I am still pretty new to R and very new to for-loops and functions, but I searched quite a bit on stackoverflow and couldn't find an answer to this question. So here we go.
I'm trying to create a script that will (1) read in multiple .csv files and (2) apply a function to strip twitter handles from urls in and do some other things to these files. I have developed script for these two tasks separately, so I know that most of my code works, but something goes wrong when I try to combine them. I prepare for doing so using the following code:
# specify directory for your files and replace 'file' with the first, unique part of the
# files you would like to import
mypath <- "~/Users/you/data/"
mypattern <- "file+.*csv"
# Get a list of the files
file_list <- list.files(path = mypath,
pattern = mypattern)
# List of names to be given to data frames
data_names <- str_match(file_list, "(.*?)\\.")[,2]
# Define function for preparing datasets
handlestripper <- function(data){
data$handle <- str_match(data$URL, "com/(.*?)/status")[,2]
data$rank <- c(1:500)
names(data) <- c("dateGMT", "url", "tweet", "twitterid", "rank")
data <- data[,c(4, 1:3, 5)]
}
That all works fine. The problem comes when I try to execute the function handlestripper() within the for-loop.
# Read in data
for(i in data_names){
filepath <- file.path(mypath, paste(i, ".csv", sep = ""))
assign(i, read.delim(filepath, colClasses = "character", sep = ","))
i <- handlestripper(i)
}
When I execute this code, I get the following error: Error in data$URL : $ operator is invalid for atomic vectors.
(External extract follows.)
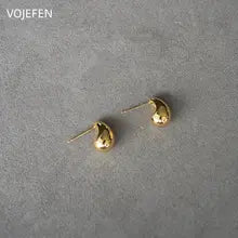 VOJEFEN 18K Gold Mini Drop Earrings AU750 Water Drop Ear Piercing Stud Earrings Jewelry Original Earing Luxury Accessory Certified
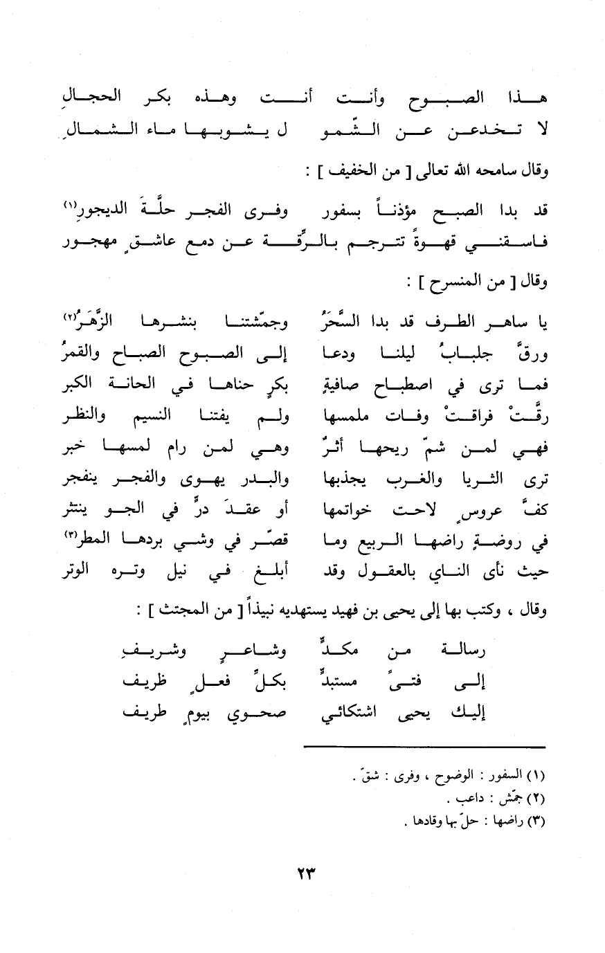 (قد بدا الصُّبْح مُؤذنًا بسفور ... وفرى الْفجْر حلَّة الديجور)

I know that this means that my function is being applied to the string I called from within the vector data_names, but I don't know how to tell R that, in this last line of my for-loop, I want the function applied to the objects of name i that I just created using the assign command, rather than to i itself.
Inside your loop, you can change this:
assign(i, read.delim(filepath, colClasses = "character", sep = ","))
i <- handlestripper(i)
to
tmp <- read.delim(filepath, colClasses = "character", sep = ",")
assign(i, handlestripper(tmp))
I think you should make as few get and assign calls as you can, but there's nothing wrong with indexing your loop with names as you are doing. I do it all the time, anyway.